CVU girls capture historic cross-country title

Courtesy photo by Scott Bliss
CVU girls cross-country athletes win their ninth straight Division I state championship on Saturday.

The Champlain Valley Union girls cross-country team needed a standout performance in order to capture a historic ninth straight Division I state championship.

Freshman Alice Larson came up with the performance that the Redhawks needed, finishing in fourth place during Saturday’s state meet to lead the team to the trophy.

“This one is historical,” said CVU coach Scott Bliss. “No one has ever won more than eight in a row. Because of all the different things that we have dealt with, this one means more.”

Jennifer Ireland followed up Larson’s finish by crossing the line in fifth. Chloe Andrae finished in 10th place, Ella Whitman was 16th and Cate Noel wrapped it up for the Redhawks in 17th place.

“Our normal No. 1 girl was was No. 4 at the state meet and our normal No. 5 really picked us up,” Bliss said. “We preach that we need all seven girls.

“There is a culture, a culture of we don’t do it for the individual, we do it for the group. They are willing to give a little bit more.”

The performance of the CVU harriers was just enough to help them top second-place Burlington. The Redhawks had 44 points, coming in just three points ahead of the Seahorses.

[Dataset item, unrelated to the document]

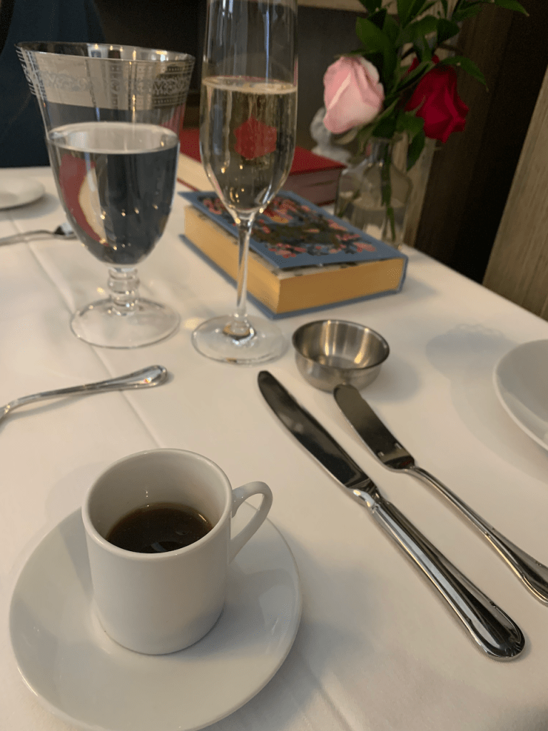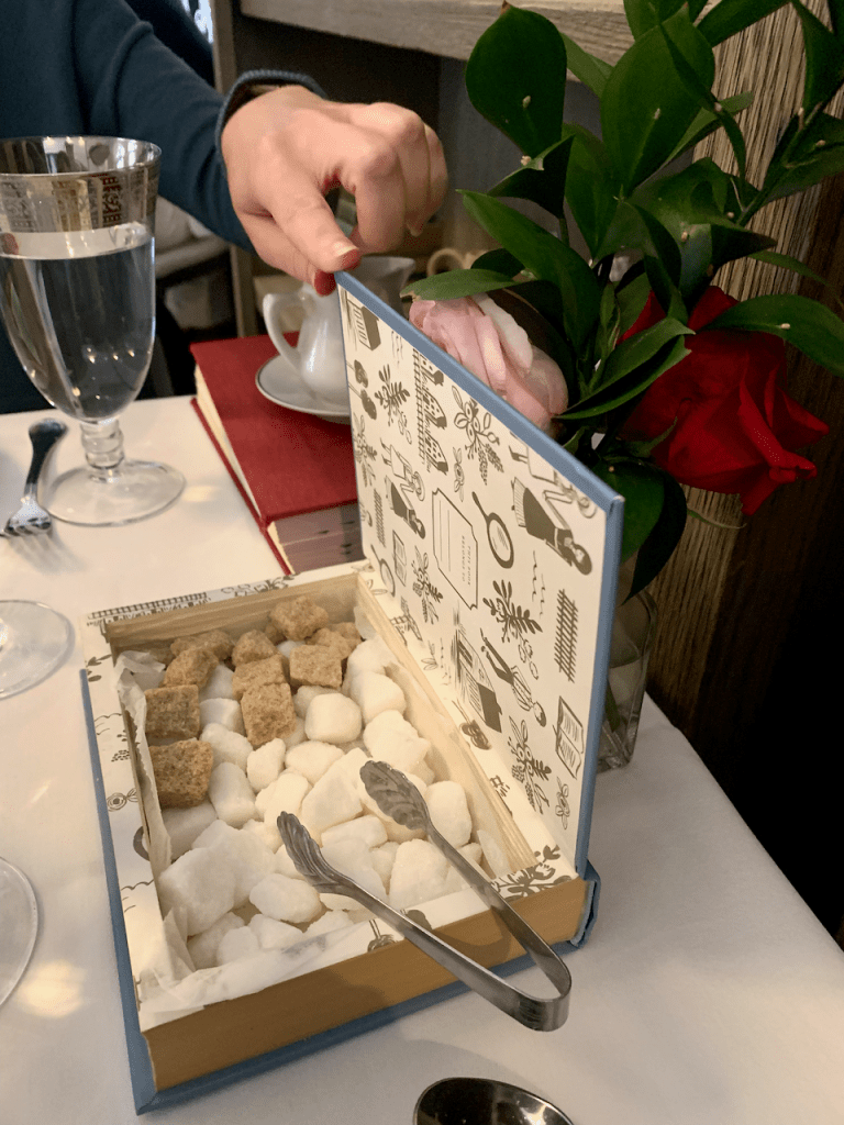 Each menu comes in a vintage book. The menu is fixed, which I much prefer because how could I ever choose? The only choice we had to make was whether we’d like a glass of champagne with our tea. Why, yes, we would.

The ninth state title seemed like a sure thing at the start of the season, when CVU was supposed to return five of its runners from last season. But injuries cost the Redhawks two of its top runners (another decided not to return) and CVU was forced to rely on its depth.

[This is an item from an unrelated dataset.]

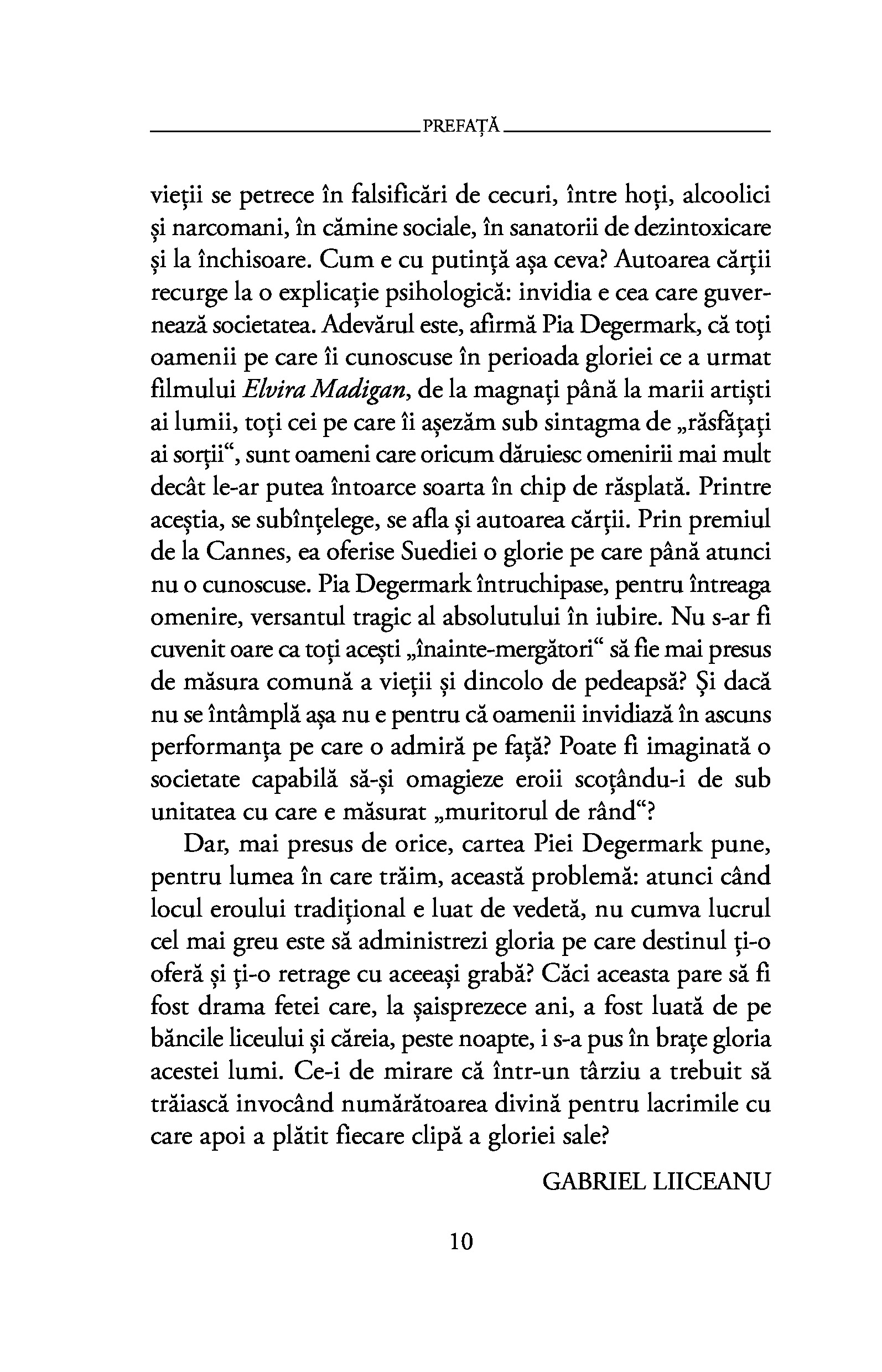 „Mai presus de orice, cartea Piei Degermark pune, pentru lumea în care trăim, această problemă: atunci când locul eroului tradițional e luat de vedetă, nu cumva lucrul cel mai greu este să administrezi gloria pe care destinul ți-o oferă și ți-o retrage cu aceeași grabă?

Andrae’s return a few weeks ago helped boost the chances for CVU on Saturday.

“That’s why we travel as much as we do,” Bliss said. “We put them in situations that are challenging to prepare them for when they might be in that situation in the state meet.”

The depth and the top performances helped carry the Redhawks’ historic win – no cross-country team, boys or girls, has won more than eight titles in a row – something that the runners did not even know they were running for.

“No one knew but me, not even my assistants knew,” Bliss said. “I didn’t want anyone thinking about it. It’s hard enough when you are expected to win every time you step on the line.”